American Museum of Telephony
- Established: 1999
- Location: Aptos, California, United States
- Coordinates: 37°00′21″N 121°57′52″W﻿ / ﻿37.0057°N 121.9645°W
- Type: Telephone and memorabilia museum
- Collection size: Telephones, switching equipment, military equipment, batteries, prototypes, directories
- Visitors: By appointment only
- Founder: John K. La Rue
- Website: Official website

= JKL Museum of Telephony =

American private museum

The American Museum of Telephony, known as the JKL Museum of Telephony, is a private telephone and telephone memorabilia museum originally located in Mountain Ranch, California. The museum was destroyed in 2015 in the Butte Fire and is now located near Santa Cruz. It is open only for guided tours by appointment.

==History==
The museum was registered in 1999 and takes its name from its founder, John K. La Rue, whose collection originally formed its basis.

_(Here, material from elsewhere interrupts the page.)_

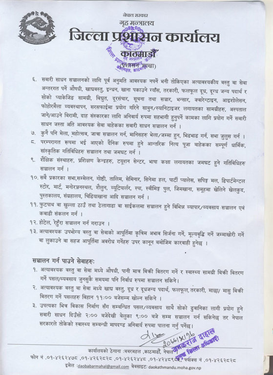 त्यस्तै विकास निर्माणसँग सम्बन्धित पसल दिउँसो २ देखि राति ९ बजेसम्म खुल्ने भएको छ । छोटो दूरीको ढुवानीका लागि प्रयोग हुने सवारी साधन पनि दिउँसो २ देखि ९ बजेसम्म चल्न पाउनेछन् ।

The museum's collection, drawn from all over the world and dating back to the 1870s, has included switching equipment, military equipment, batteries, prototypes, and telephone memorabilia such as directories, in addition to working handsets of all eras. Founded in Mountain Ranch, in the Sierra foothills, it was destroyed in the Butte Fire on September 10, 2015.

The museum has been reestablished in Aptos, with the collection being rebuilt. Curators have included Wayne Merit and Remco Enthoven.